I wasn’t in love with the movie after I watched it, seemed like a really well-done portrayal of a controversial man with great acting and an over-complicated plot, but reading the book afterwards cleared up all the characters and the structure of the whole thing, and thinking back on the story, acting and photography, I’m now liking this better than The War Is Over. Nobody here is a good guy – not even Bonny, who goes against police corruption but for personal & political reasons – but the movie doesn’t judge them, or go into the details of the scandal. It just gets inside their characters and shows where the scandal came from, how one guy’s belief that he could fake his way into the upper echelon ended up shaking the country.

image

Echoes from a Somber Empire (1990, Werner Herzog)

Not very Herzogian – the great man doesn’t interject any commentary of his own, letting his narrator (journalist Michael Goldsmith) do all the leading and interviewing, and not cutting away when Goldsmith follows up interview subjects’ stories of being imprisoned and tortured for years by order of Central African Republic dictator Jean-Bédel Bokassa with Goldsmith’s own oft-repeated story (“you know, I was imprisoned for a month myself”). Gives the feeling that it is the journalist’s film and Herzog is a director-for-hire, which is probably not true.
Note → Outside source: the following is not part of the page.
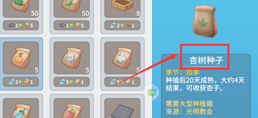 首頁 波西亞時光 問答 波西亞時光種子在哪裡買? 2023-02-15 玩家進入游戲後,點擊上方菜單中的地圖選項,點擊光明教會,選擇前往,在這里即可購買種子,比如,點擊對應的杏樹種子,購買即可,如下圖所示:

The movie does, after all, end with a caged monkey smoking a cigarette, which isn’t a typical way to end a journalistic interview-doc. And it opens with Herzog himself reading a letter from Goldsmith over beautiful, otherworldly shots of migrating crabs. It’s just the bulk of the film in between those animal bookends that seems kind of typical.

Bokassa, fallen dictator:
image

Bokassa himself seems sadly typical – a military leader of an African country who took over the government, becoming more corrupt, horrible and bizarre as his rule progressed. We talk with a couple of his (many) wives and some kids, including one who was involved in a fraud/mistaken-identity comedy which led to her having a sister with the same name who got married on the same day as her.

image

Goldsmith survived torture and imprisonment in Central Africa, and returned safely from Liberia (where he had gone missing at the time of this film’s completion), only to die of a hemorrhage in late ’90, shortly before the film premiered.

Fascinating movie. I think Katy liked it too, though we were both a bit upset after she vetoed my triple-feature short-doc selection at the last damned minute.